Винни вздохнул и задумчиво посмотрел в серое небо, откуда давно уже не ждал ничего кроме дождя, неприятностей и птичьих какашек.
Господи, – прошептал он, – да что ж за гадство такое: наследство по-людски получить и то не судьба. Двадцать миллионов! Долларов! Да на эти деньги… на эти деньги…
Господи, – в ужасе прошептал Винни, – на эти деньги я мог бы купить себе всё!
Он отчетливо представил себе это всё: оно было громадным – нет, еще больше, оно сверкало и переливалось всеми цветами радуги. Из него то и дело вываливались чудесные – одна чудесней другой – вещи: то уютная дача под Парижем, то пожизненный проездной в московском метро, то студенческий билет Гарварда с фотографиями его детей, то машина с водителем, охранником, секретаршей и массажистом.
Так. Еще немного. Еще. Нет! Не сумев втиснуться в забитый обслуживающий персоналом автомобиль, Винни помотал головой и опомнился.
Москва. Август. Дождь. Мокрая скамейка. Мокрые брюки. Винни. Мимо идет женщина, ведя за руки парнишек пяти и шести лет. Мама! Мама! – кричат они, показывая куда-то вдаль. – А кто этот дядя?
Винни смотрит, куда они показывают. В самом центре безлюдного сквера величественно бронзовеет загаженный птицами идиотъ.
– Ну, дети, – задумчиво говорит его бывшая жена, – это так в двух словах не расскажешь.
Винни энергично тряхнул головой, прогоняя наваждение. Медленно вытащил из кармана пакет с документами на дом. С минуту разглядывал закладную, потом пожал плечами и улыбнулся.
Решение было принято. В конце-концов, от него не требовали невозможного. От него хотели просто, чтобы он старался изо всех сил.
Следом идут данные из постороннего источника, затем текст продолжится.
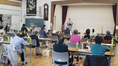 ししぶ区福祉会による花見の会が開催。ししぶ区清原区長、社協の渡会長、明友会の信國会長を来賓に迎え、久しぶりの開催となりましたが、三密を避け、検温や消毒、透明間仕切り設置等のコロナ対策の上、テーブルには花も添えられ華やかな雰囲気に包まれました。また、余興として会員3名による踊りも披露頂きました。コロナ禍の中残念ながら、飲食は自粛しましたが、改めて一日も早いコロナの収束を願いました。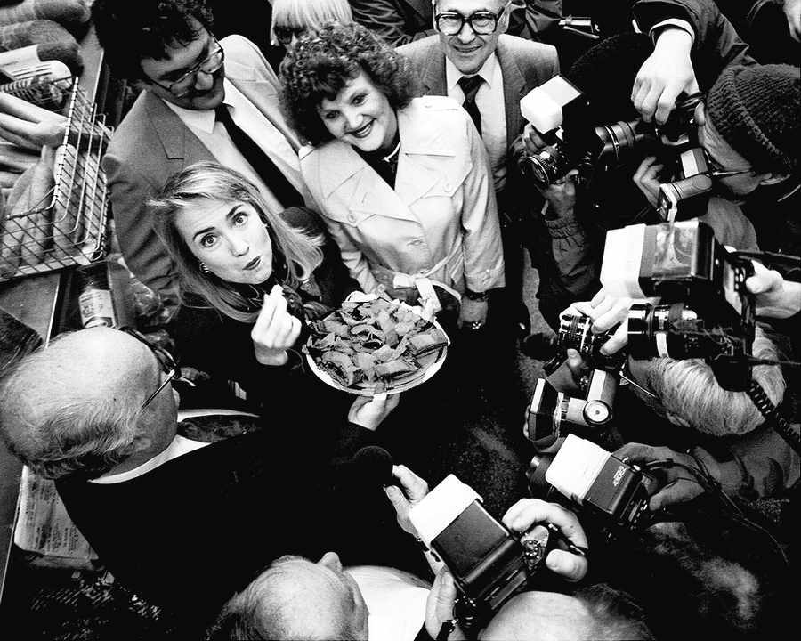 Хиллари Клинтон стала единственной первой леди, которая сама решила баллотироваться на пост президента страны. До этого все свое время без остатка она посвящала политической карьере своего мужа, крича во весь голос: «Кончай заливать!» оппонентам Билла, баллотировавшегося на пятый срок в качестве губернатора Арканзаса. Здесь она агитирует за своего супруга перед президентскими выборами 1992 года.

Сущие пустяки, учитывая, что сил у него никогда особо и не было.
Винни достал телефон и позвонил своему начальнику.
– Виктор Степанович? – уверенно начал он. – Добрый день. Не знаю даже, с чего начать. Видите ли… Нет, не на работе. Дело в том, что… Да. Снова. Мне кажется, грипп. Я понимаю. Да. Нет. Постараюсь. Спасибо.
Повозившись минут пять, он добавил-таки номер начальника в черный список и убрал телефон в карман. Потом встал, плотнее запахнул пальто и, ежась от сырости, поспешил к метро.
Вечерний час пик заканчивался, и в рядах пассажиров, дружно покачивавшихся на лавках в такт поезду, уже зияли провалы. Винни не любил ощущения тепла, оставленного на сидении чужим телом, и в общественном транспорте всегда ездил стоя. Зайдя в вагон и дождавшись, когда закроются двери, он прислонился к стеклу и привычно уставился в темноту. Через несколько минут он поймал себя на том, что сегодня уходящая в перспективу вереница бледных усталых лиц вызывают у него не столько раздражение, сколько сочувствие. У них впереди не было ничего, кроме бесконечной череды точно таких же поездок на работу и, для разнообразия, обратно. И одна-единственная дверь – без ручки – в конце. У Винни, как оказалось, еще оставалась надежда.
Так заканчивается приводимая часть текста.